Assistenza transfrontaliera. Dubbi sul decreto. Salta il voto in commissione Affari sociali
di Giovanni Rodriquez
Diverse le obiezioni sul Dlgs di recepimento della direttiva europea sollevate da Anna Miotto (Pd) e fatte proprie anche dai deputati del M5S. Nel testo, tra gli erogatori, non è presente il privato convenzionato. Poco chiaro anche l’art. 12 che salvaguarda l’obiezione di coscienza per i farmacisti, una normativa non presente in Italia
05 FEB - Rimandato a domani il voto in Commissione Affari Sociali sul
Dlgs di recepimento della direttiva sull’assistenza sanitaria transfrontaliera. Diverse le obiezioni sollevate oggi da
Anna Miotto (Pd) e fatte proprie anche dai deputati del M5S. Innanzitutto, ha fatto notare la deputata del Partito democratico. nella direttiva si parla di “assicurati”, un termine che potrebbe creare qualche problema data la diversa organizzazione del nostro Sistema sanitario nazionale. Per quanto poi riguarda gli erogatori, ha sottolineato Miotto, nel testo si parla di “persone fisiche e giuridiche pubbliche e private. Non vengono contemplate quelle private accreditate, una realtà che ha una presenza importante nel nostro Paese. Se non si fa attenzione si potrebbero avere ricadute di non poco conto sul nostro sistema di assistenza. Serve una norma di tutela per il Ssn”.

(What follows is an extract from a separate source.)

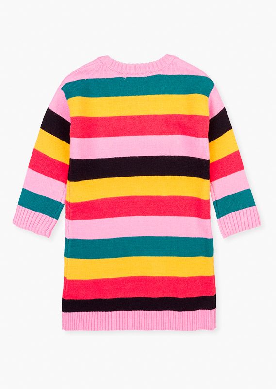Vestido con bordado de frase y corazón para niña. Vestido manga larga y cuello redondo en tejido de tricotosa a rayas.
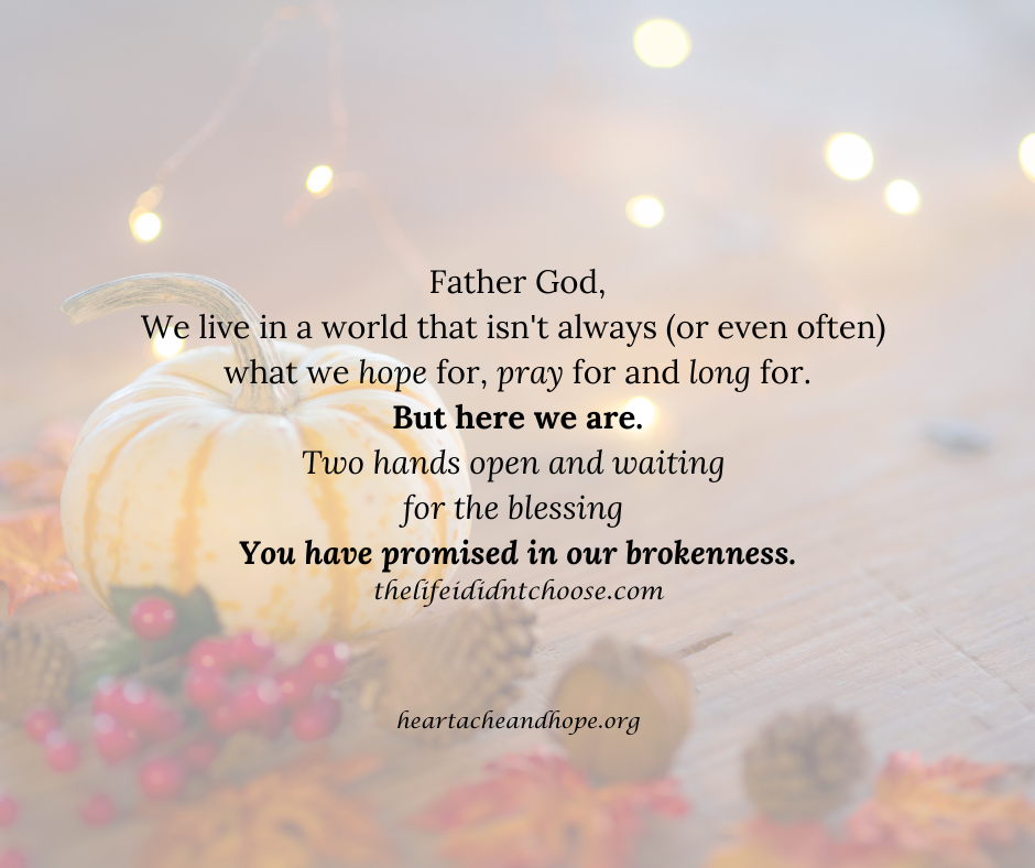 If you woke this morning feeling more broken than blessed, I see you. If you could care less about the bounty on the table and can only feel the barrenness in your heart, I know how you feel. Today doesn’t have to be any special way, my friend. Give yourself grace. Give yourself permission to feel … Continue reading Embracing Sorrow: A Thanksgiving Reflection

Un’altra obiezione è stata sollevata sull’art. 18, quello voluto dalle Regioni. Per Miotto la norma cedevole è “troppo generica, si parla di aspetti organizzativi che competono alle Regioni ma nel decreto questi aspetti organizzativi non sono presenti”. Per
Andrea Cecconi (M5S) l’art. 18 consegnerebbe un eccessivo potere decisionale alle singole Regioni e Asl. “Un cittadino dovrebbe chiedere il permesso alla propria Asl per potersi curare fuori e quest’ultima potrebbe riconoscergli il diritto solo se non è possibile garantirgli le stesse cure all’interno del territorio regionale o nazionale. Un’ ultima eccezione - ha spiegato Cecconi – potrebbe derivare da eventuali eccessivi tempi di attesa”.
Infine, risulta dubbia la scrittura dell’art. 12. In particolare il riferimento è al comma 3, quello riguardante l’obiezione di coscienza per i farmacisti. “La direttiva tende a salvaguardare la normativa degli Stati membri sulla materia - ha spiegato Miotto - ma in Italia una normativa sul tema non c’è”. Sulla stessa lunghezza d’onda Cecconi che reputa “poco chiara la salvaguardia di un’obiezione di coscienza per i farmacisti non prevista dalla legge italiana”.